Next, genes displaying direct co-regulation with major NSCLC signal proteins were identified from the disease-specific differential network components. The signal proteins included in the study were retrieved from the human NSCLC signalling pathways delineated by the KEGG pathway database3. Genes of a significant (P < 0.05; z-tests) coexpression relation with MET, EGF, KRAS, TP53, E2F2, and E2F4 were pinpointed from the differential components associated with each prognosis group. As a result, 76 genes were identified from the poor-prognosis group, 58 genes from the good-prognosis group, and 9 genes common in both groups, yielding a set of 125 genes. The number of nodes (genes) and edges (interactions) in the networks associated with specific prognostic groups in each analytical step are shown in Fig. 3.

Figure 3
The characteristics of the coexpression networks at each step in the identification of the 13-gene signature

3.2 Survival prediction using the identified prognostic genes

We sought to evaluate whether the genes identified from the proposed implication network analysis could generate accurate prognostic prediction. From the training set of the original continuous microarray data, 24 probes out of the 125 genes selected in the previous steps were significantly associated with overall survival (P < 0.05, univariate Cox modelling). These 24 significant probes were ranked by Relief (Witten and Frank, 2005) and a step-wise forward selection was used to identify the subset with the highest prognostic accuracy. Specifically, starting from the top ranked gene, one gene was added at each step to the gene set, until the prognostic accuracy could not be improved by adding more genes. As a result, the top 13 genes were identified as the most accurate prognostic gene signature (Table 1).

Table 1
The identified 13-gene lung cancer prognostic signature.

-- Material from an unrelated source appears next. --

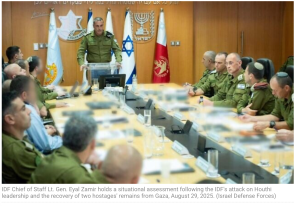 Generalstabschef Zamir erläuterte gestern bei einer Lagebesprechung die aktuellen Operationen. Er betonte vor allem den Erfolg des vorgestrigen Angriffes auf die strategischen Ziele der Houthi-Terroristen im Jemen. «Die Houthis agieren als weiterer terroristischer Ableger des Iran, greifen Israel weiterhin an und bedrohen die regionale und internationale Stabilität. Unsere Botschaft ist klar – wir werden dies nicht tolerieren», sagte er.
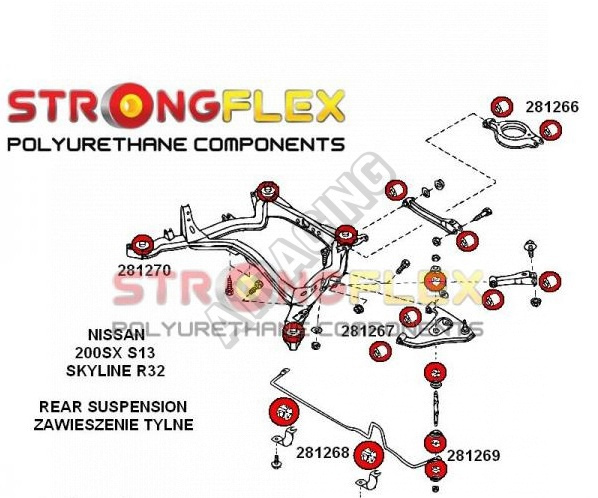 Nissan Skyline R32 StrongFlex (tvrdost 80ShA) kompletní sestava silentbloků na celé auto obsahuje :

Multivariate Cox proportional hazard model was fitted with the 13 genes as covariates on bootstrapped training samples for 1,000 times. The average of the 1,000 coefficients obtained for each covariate was used to represent the final coefficients in the training model. Using the training model, a survival risk score was generated for each patient. A risk score of 8.87 was identified as a cut-off value for patient stratification in the training set (Fig. 4A). This training model and cut-off value were then applied to the two validation sets to generate prognostic categorization without re-estimating parameters (Fig. 4B and 4C). In all three patient cohorts, this scheme stratified patients into prognostic groups with distinct post-operative overall survival (log-rank P < 0.006, Kaplan-Meier analyses).

Figure 4
Prognostic prediction of lung cancer survival after surgery by the 13-gene prognostic model

When high-risk group is defined as a group of patients who survived 5 years or less, and low-risk group as a group of patients who survived 5 years or longer, this model achieved sensitivity (correctly predicted high-risk patients) of 52% in the training set, 67.65% in MSK, and 67.86% in DFCI; and specificity (correctly predicted low-risk patients) of 77.88% in the training set, 51.61 % in MSK, and 61.11% in DFCI.

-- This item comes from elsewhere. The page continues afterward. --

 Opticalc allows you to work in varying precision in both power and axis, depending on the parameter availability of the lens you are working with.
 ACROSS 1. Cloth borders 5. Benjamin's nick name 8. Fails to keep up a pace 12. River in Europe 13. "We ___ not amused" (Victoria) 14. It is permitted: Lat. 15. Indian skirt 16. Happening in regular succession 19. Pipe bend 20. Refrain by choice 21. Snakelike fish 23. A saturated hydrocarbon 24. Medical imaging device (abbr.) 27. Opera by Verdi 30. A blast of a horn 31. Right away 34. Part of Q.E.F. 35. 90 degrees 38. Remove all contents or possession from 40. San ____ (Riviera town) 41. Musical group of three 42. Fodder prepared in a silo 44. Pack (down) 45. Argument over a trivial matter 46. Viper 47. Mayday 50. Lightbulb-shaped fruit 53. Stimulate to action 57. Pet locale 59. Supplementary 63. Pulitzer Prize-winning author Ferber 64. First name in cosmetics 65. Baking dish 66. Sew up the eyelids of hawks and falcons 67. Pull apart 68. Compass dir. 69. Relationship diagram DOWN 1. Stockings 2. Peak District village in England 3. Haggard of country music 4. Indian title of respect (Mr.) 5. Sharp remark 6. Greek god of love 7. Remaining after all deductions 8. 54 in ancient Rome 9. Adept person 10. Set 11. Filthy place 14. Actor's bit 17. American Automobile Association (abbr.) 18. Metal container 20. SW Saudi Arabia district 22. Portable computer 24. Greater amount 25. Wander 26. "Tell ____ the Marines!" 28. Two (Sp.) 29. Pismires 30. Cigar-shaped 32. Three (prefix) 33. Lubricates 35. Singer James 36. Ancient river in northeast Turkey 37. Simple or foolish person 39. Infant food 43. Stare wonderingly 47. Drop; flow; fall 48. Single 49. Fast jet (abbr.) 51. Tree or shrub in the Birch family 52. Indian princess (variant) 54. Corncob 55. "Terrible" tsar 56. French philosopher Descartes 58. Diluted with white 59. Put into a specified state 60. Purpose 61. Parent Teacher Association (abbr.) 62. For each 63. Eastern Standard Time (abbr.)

3.3 Survival prediction on early stage lung cancer

Current treatment options for patients with NSCLC are given based on AJCC tumour stage. Surgical resection is the major treatment option for stage I NSCLC patients. However, about 35–50% of stage I NSCLC patients will develop and die from tumour recurrence within the five years following surgery (Hoffman, Mauer, and Vokes, 2000; Naruke et al., 1988). On the other hand, stage IB patients who received surgical resection followed by adjuvant chemotherapy showed improved survival rate (Lu et al., 2006). This indicates that certain patients with stage I NSCLC are at high risk for developing recurrent diseases. Thus, we sought to explore whether the constructed 13-gene prognostic model could identify specific high-risk patients with stage I tumours.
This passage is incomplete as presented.